━━━━━ Data excerpts ━━━━━

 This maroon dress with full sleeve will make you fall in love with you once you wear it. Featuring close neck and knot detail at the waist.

━━━━━
━━━━━ Data excerpts ━━━━━

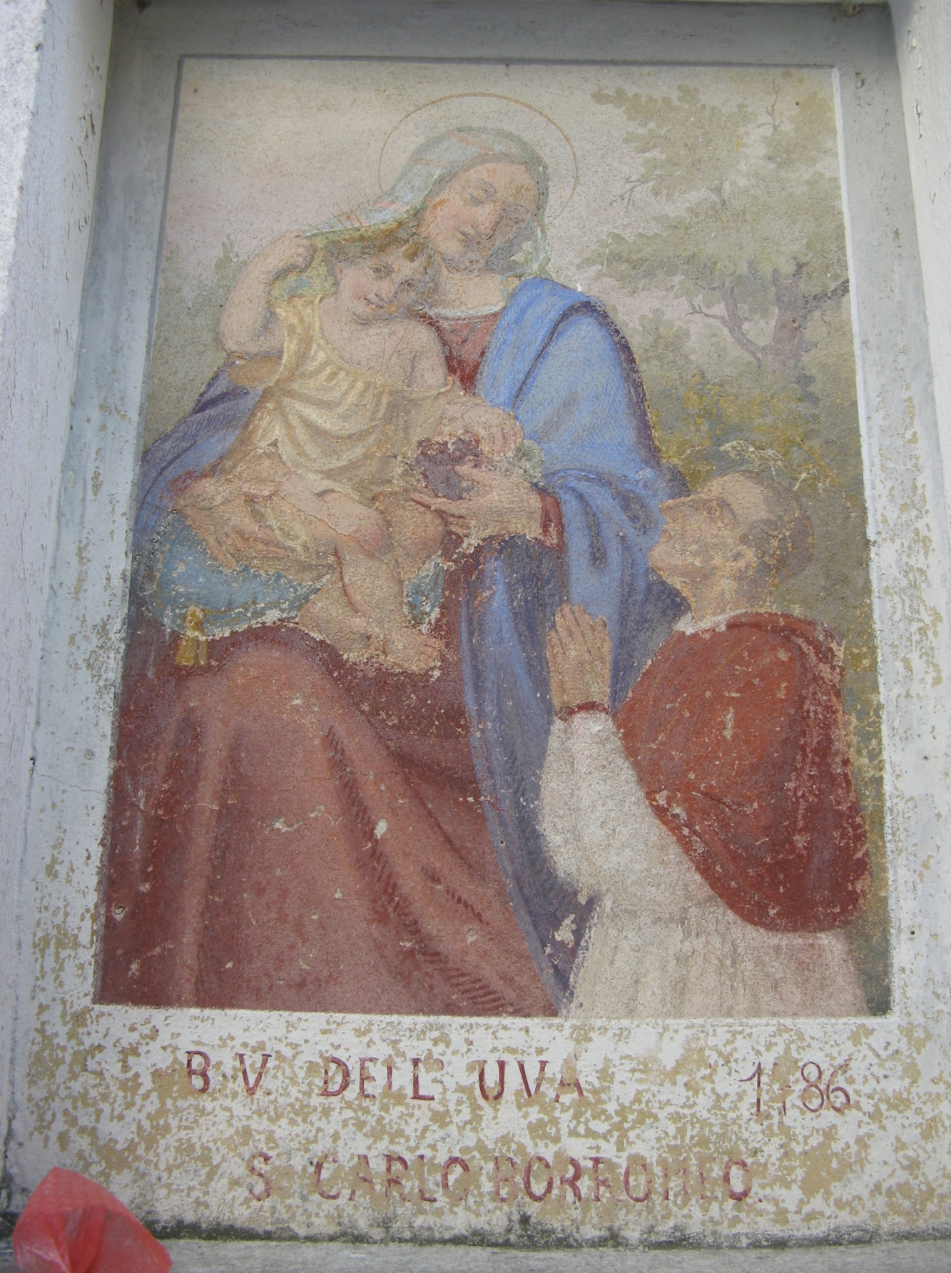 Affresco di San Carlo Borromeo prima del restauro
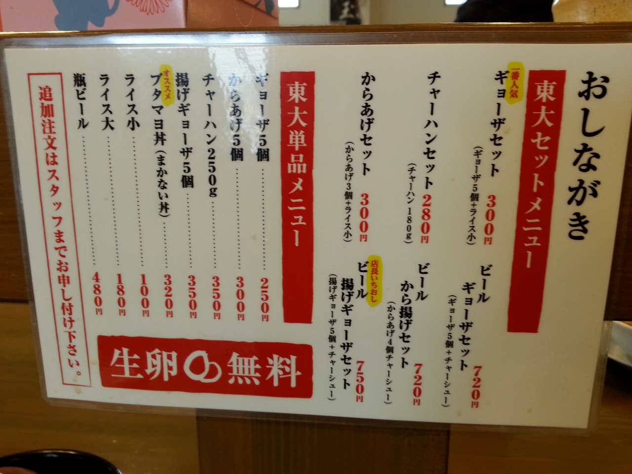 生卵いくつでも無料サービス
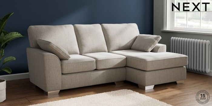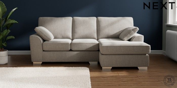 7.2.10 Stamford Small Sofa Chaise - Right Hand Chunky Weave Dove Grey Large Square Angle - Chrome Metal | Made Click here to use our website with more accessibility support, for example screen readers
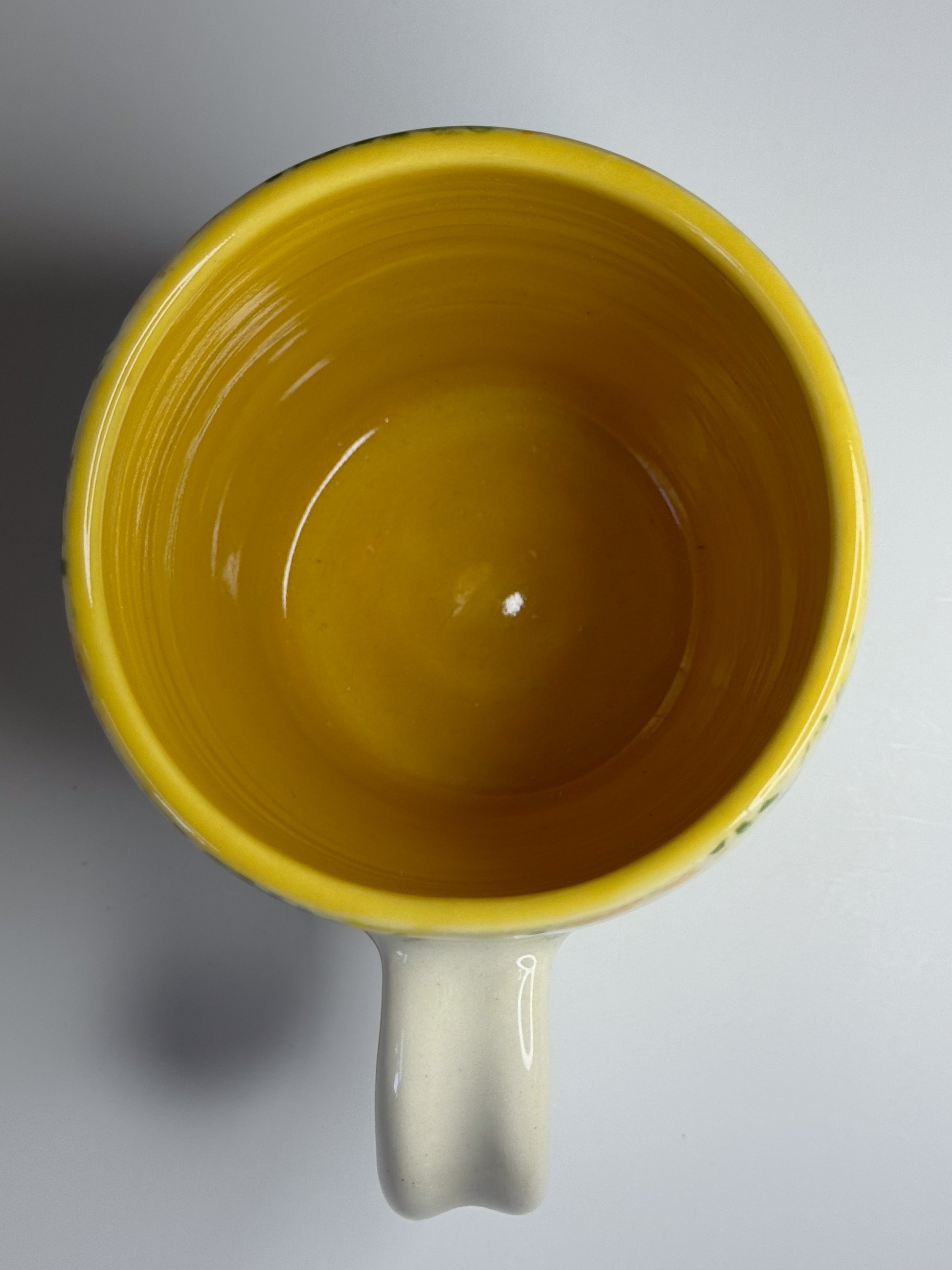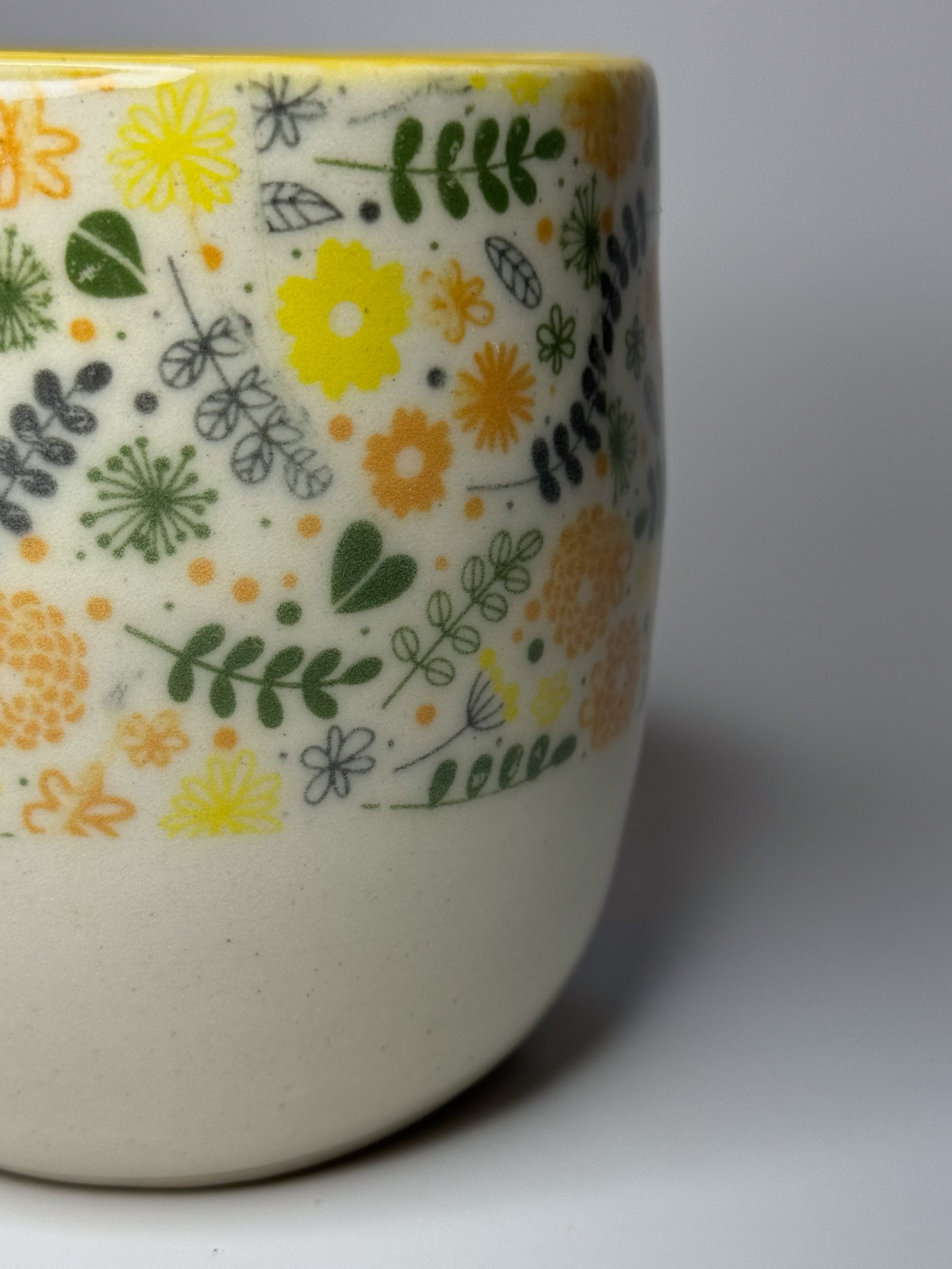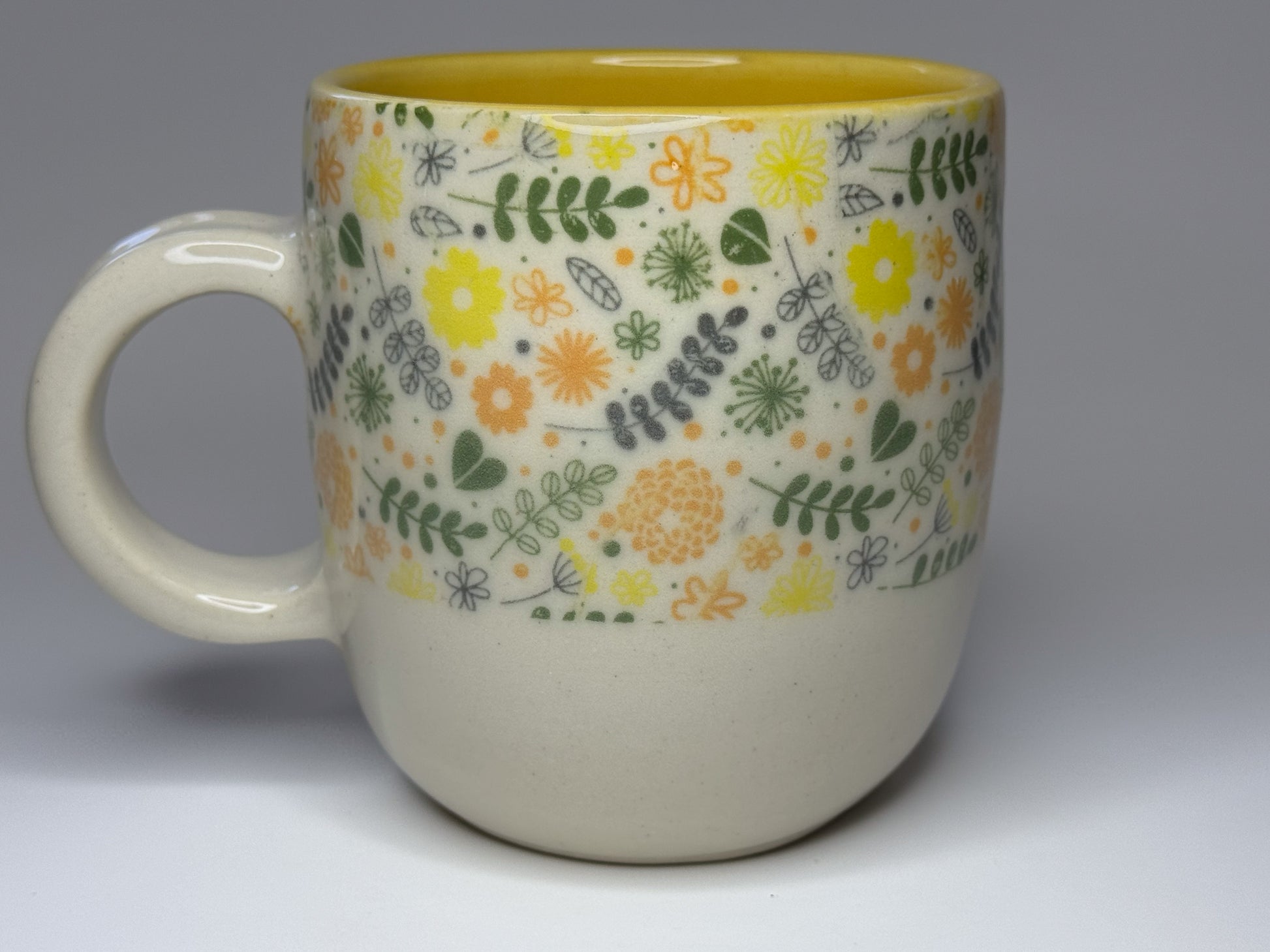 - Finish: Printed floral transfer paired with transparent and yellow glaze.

━━━━━

Your objective -
Extract the part of the records that opens with the line containing "生卵いくつでも無料サービス" and closes with the line containing "- Finish: Printed". Take only those lines, exactly, and no pictures.

Response area -
 生卵いくつでも無料サービス
 7.2.10 Stamford Small Sofa Chaise - Right Hand Chunky Weave Dove Grey Large Square Angle - Chrome Metal | Made Click here to use our website with more accessibility support, for example screen readers
 - Finish: Printed floral transfer paired with transparent and yellow glaze.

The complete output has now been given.